German two-seat training glider, 1979

The ASK 21 is a glass-reinforced plastic (GRP) two-seat glider aircraft with a T-tail. The ASK 21 is designed primarily for beginner instruction, but is also suitable for cross-country flying and aerobatic instruction.

==Design and development==
The ASK 21 was designed by Rudolf Kaiser to replace the popular ASK 13, providing a modern two-seat aircraft bridging the gap between initial training and single-seat performance flying. The ASK 21 is the first full-GRP two-seater produced by Schleicher, flying for the first time in February 1979. Production also began in 1979. In 2003 the operating time was extended to 18,000 hours. In December 2004 the ASK 21 Mi, a self-launching version, made its first flight. A revised and improved version, the ASK 21B was introduced in 2018.

The ASK 21 remains in production (May 2024) with over 1000 examples completed.

===Construction===
The two seats are in a tandem arrangement with dual controls, adjustable rudder pedals and seatbacks. The fuselage consists of a tubular sandwich and thus offers passive safety with low weight.
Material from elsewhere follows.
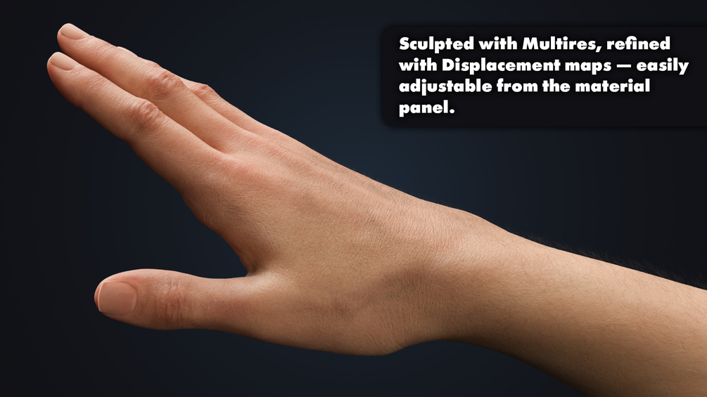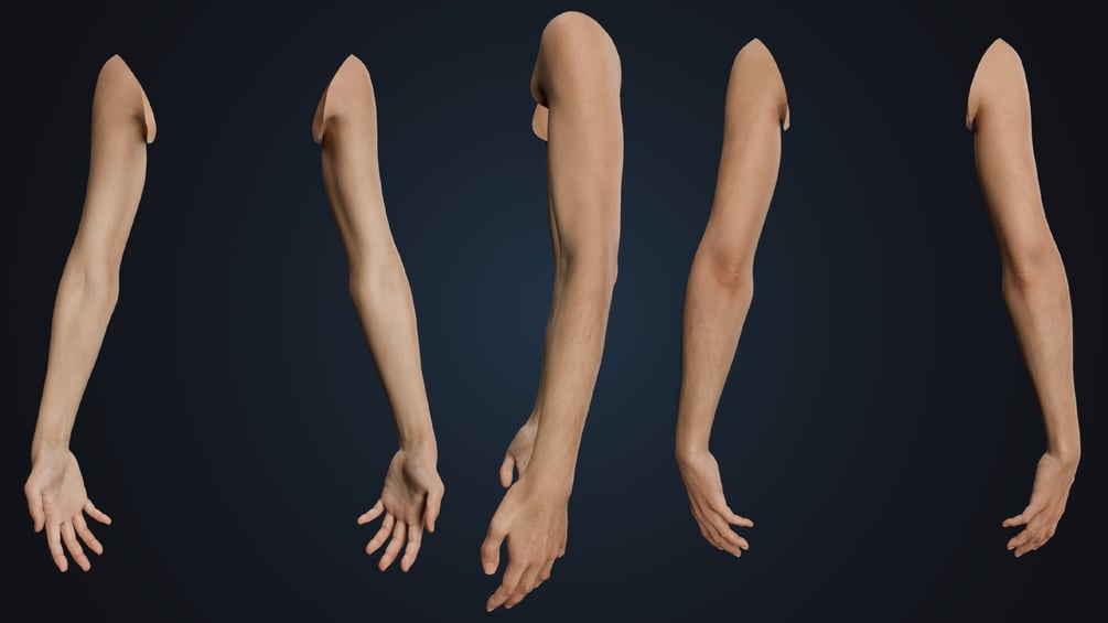 Balanced, athletic arms with soft anatomical detail and neutral skin tone. Subtle veins and surface texture add realism, with short, natural nails and smooth shading suitable for any character type.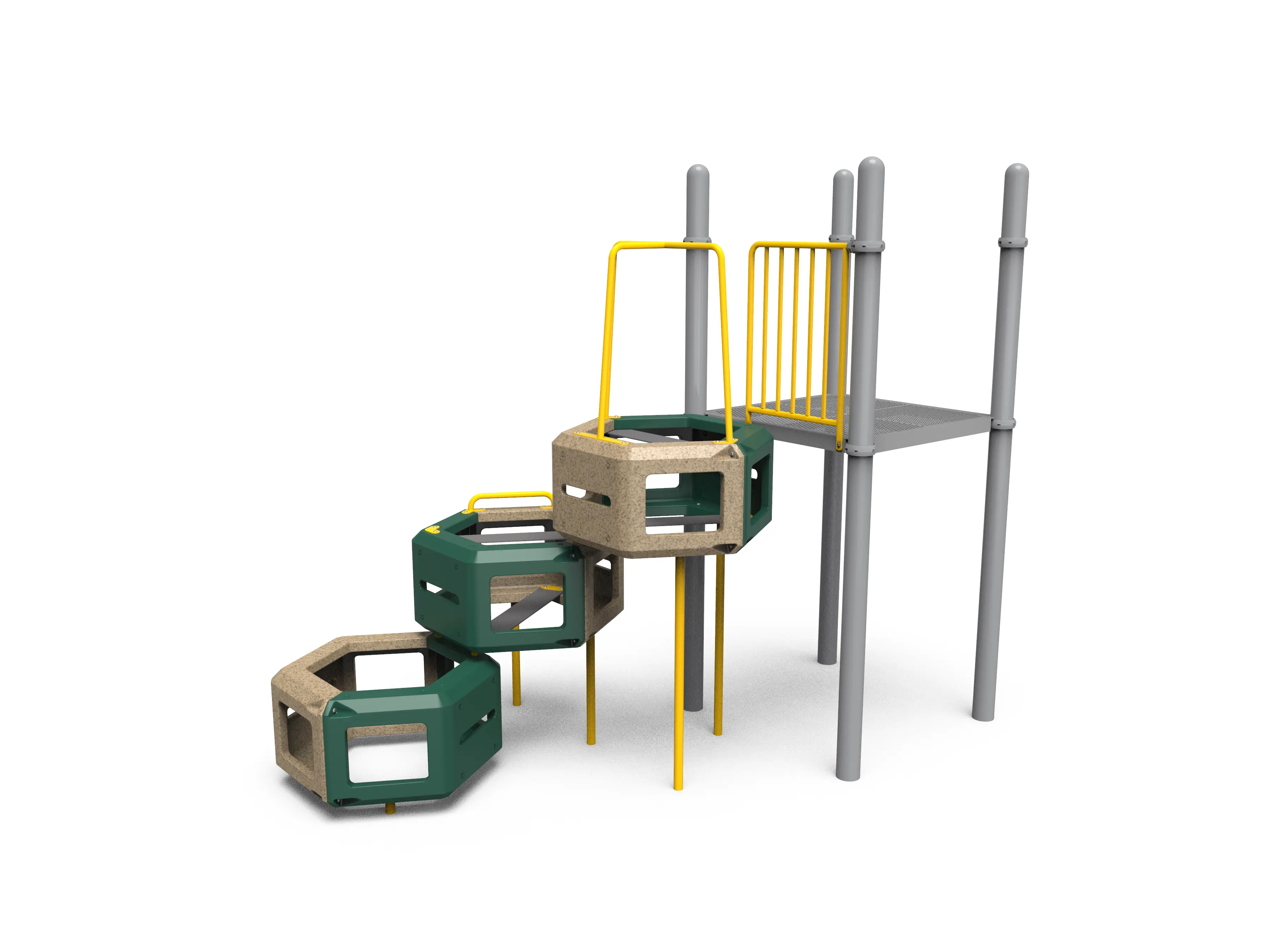 Featuring impressive height, this design inspires anyone looking for their next climbing challenge. Steel and flextread rungs create connections around and between the hexes that push kids to develop their skills as they explore.

The two-piece, mid-set, cantilever wing is a single-spar glass-fiber construction without flaps, but with upper side Schempp-Hirth-type air brakes. The wingtips curve downward, providing tip skids that allow take-offs without a wing helper (small wheel added with ASK-21 mi). The T-tail possesses a fixed horizontal stabilizer and an elevator with spring trim and automatic connections. The undercarriage consists of two or three fixed wheels. The main wheel lies behind the centre of gravity and has a hydraulically operated disc brake. Checking the tire pressure is hindered by the need for removing the wheel fairing. The tail unit has a rubber skid or a tailwheel.

==Flight characteristics==
The thick wing profile gives good low-speed characteristics (nominal stall speed approximately 65 km/h or 35 knots). The flight characteristics are docile; its stall is gentle, with ample vibration warning, and is easily recoverable. The nose does not noticeably drop, but the variometer indicates a high rate of descent and the vibration continues until back pressure is released and stall recovery is initiated.

Spin kit installation on the tail of C-FASK at the Bromont Airport in Quebec

The glider has little tendency to enter a spin. In order to make spinning possible for training purposes or demonstrations a spin kit is available from the manufacturer. It consists of ballast discs applied to the tail to change the center of gravity according to the weight of the crew. With this device the ASK 21 when slowed to stall speed with rudder input drops one wing and begins to rotate. Recovery is standard, utilizing neutralized ailerons, full opposite rudder until the rotation stops, centralizing the rudder and progressively moving the control column forward to reduce the angle of attack. As the glider recovers from the spin the control column is progressively moved backwards to pull out of the dive.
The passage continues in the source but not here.